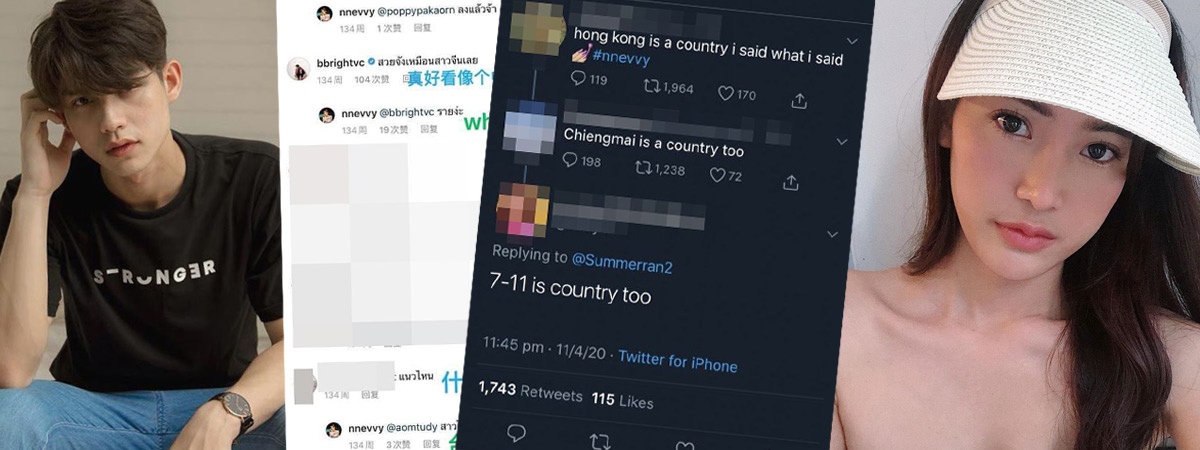 - จุดเริ่มต้นของเรื่องราว มาจาก ไบร์ท วชิรวิชญ์ นักแสดงหนุ่มจากซีรีส์ เพราะเราคู่กัน 2gether The Series ที่กำลังฮอตสุดในขณะนี้ และไม่ได้ดังแค่ที่ไทย แต่ยังดังไกลไปถึงประเทศจีน มีแฟนคลับติดตามเป็นจำนวนมาก แต่ดันเกิดประเด็นที่ทำให้แฟนคลับจีนไม่พอใจอย่างรุนแรง เมื่อ ไบร์ท ไปรีทวีตโพสต์หนึ่ง ที่มีการเรียกฮ่องกงว่าประเทศ ซึ่งเป็นประเด็นอ่อนไหวสำหรับชาวจีน ที่มองว่า ฮ่องกง รวมทั้ง ไต้หวัน เป็นส่วนหนึ่งของประเทศจีน
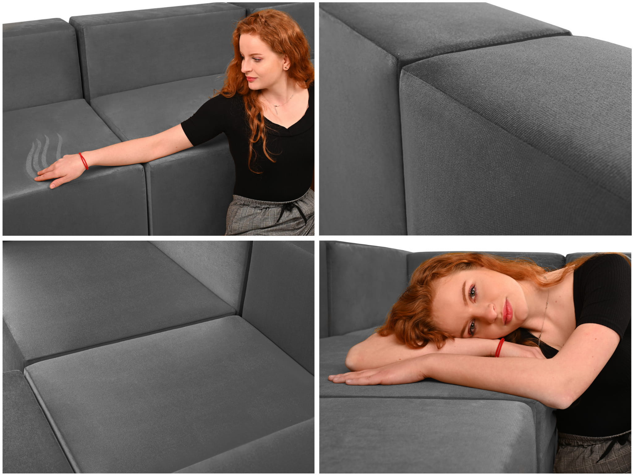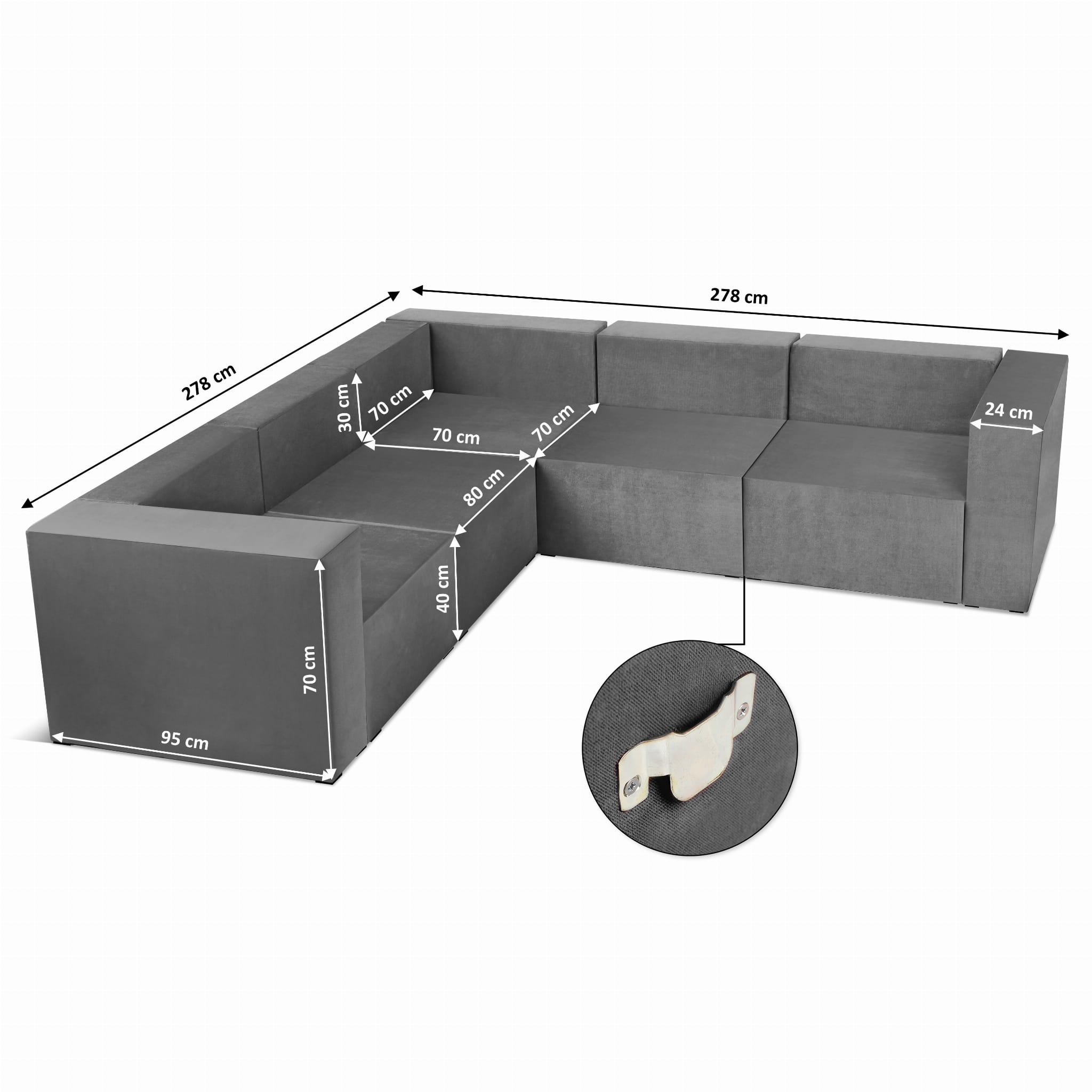 Czterosobowy narożnik modułowy w kolorze szarym LEON – element systemu modułowego samodzielny i do połączenia
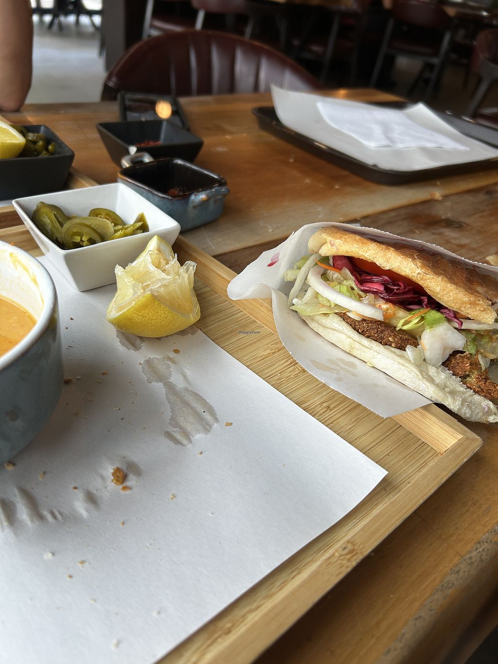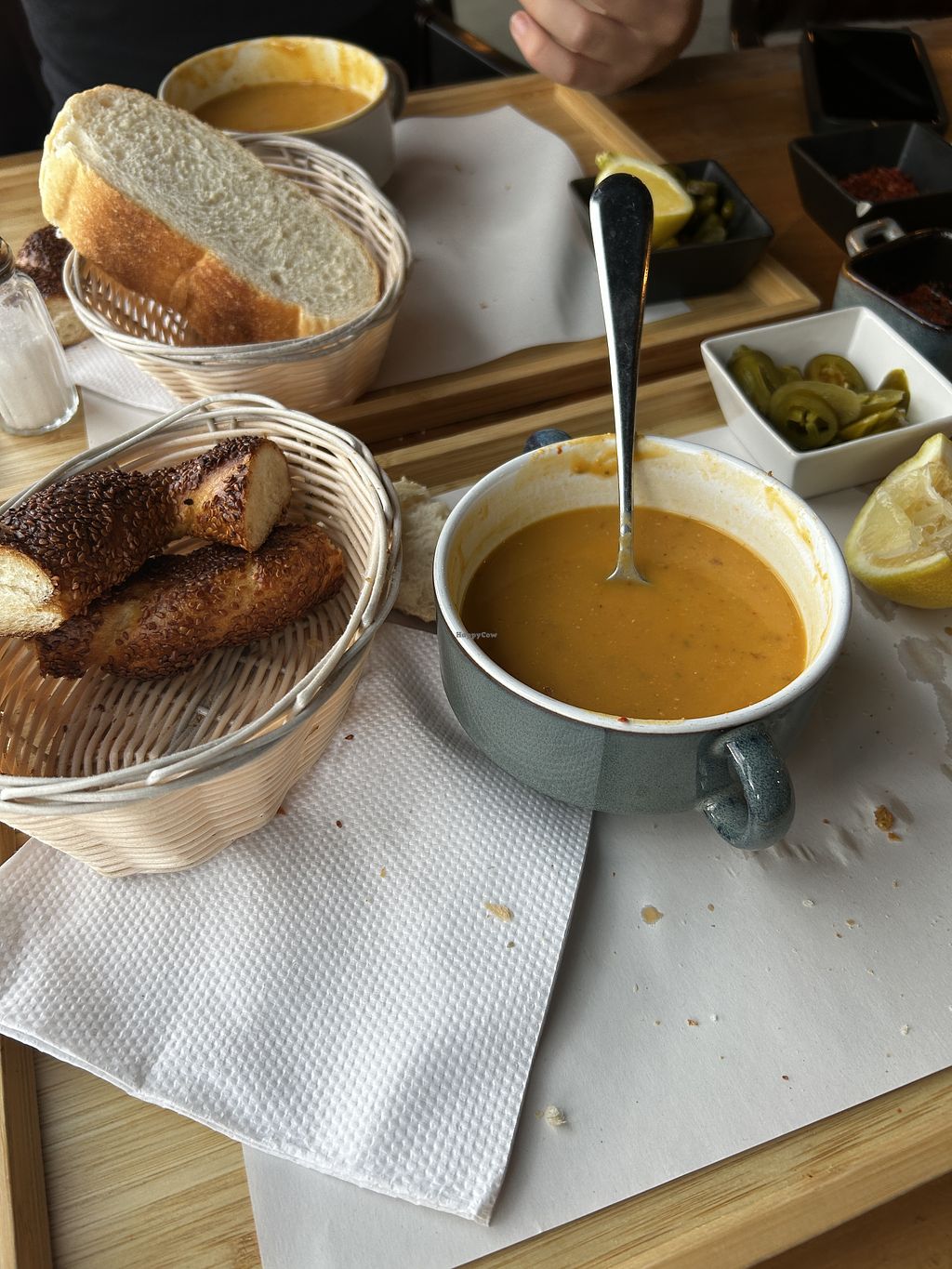 Really good lentil soup, nicely presented with lemon, spicy 🌶️ pepper in in vinegar or powder. Nice simit not to sweet and good falafel, juicy enough

────────────────────

Brief.
Every line of the data above should be quoted exactly. Omit the pictures.

Exercise output.
 - จุดเริ่มต้นของเรื่องราว มาจาก ไบร์ท วชิรวิชญ์ นักแสดงหนุ่มจากซีรีส์ เพราะเราคู่กัน 2gether The Series ที่กำลังฮอตสุดในขณะนี้ และไม่ได้ดังแค่ที่ไทย แต่ยังดังไกลไปถึงประเทศจีน มีแฟนคลับติดตามเป็นจำนวนมาก แต่ดันเกิดประเด็นที่ทำให้แฟนคลับจีนไม่พอใจอย่างรุนแรง เมื่อ ไบร์ท ไปรีทวีตโพสต์หนึ่ง ที่มีการเรียกฮ่องกงว่าประเทศ ซึ่งเป็นประเด็นอ่อนไหวสำหรับชาวจีน ที่มองว่า ฮ่องกง รวมทั้ง ไต้หวัน เป็นส่วนหนึ่งของประเทศจีน
 Czterosobowy narożnik modułowy w kolorze szarym LEON – element systemu modułowego samodzielny i do połączenia
 Really good lentil soup, nicely presented with lemon, spicy 🌶️ pepper in in vinegar or powder. Nice simit not to sweet and good falafel, juicy enough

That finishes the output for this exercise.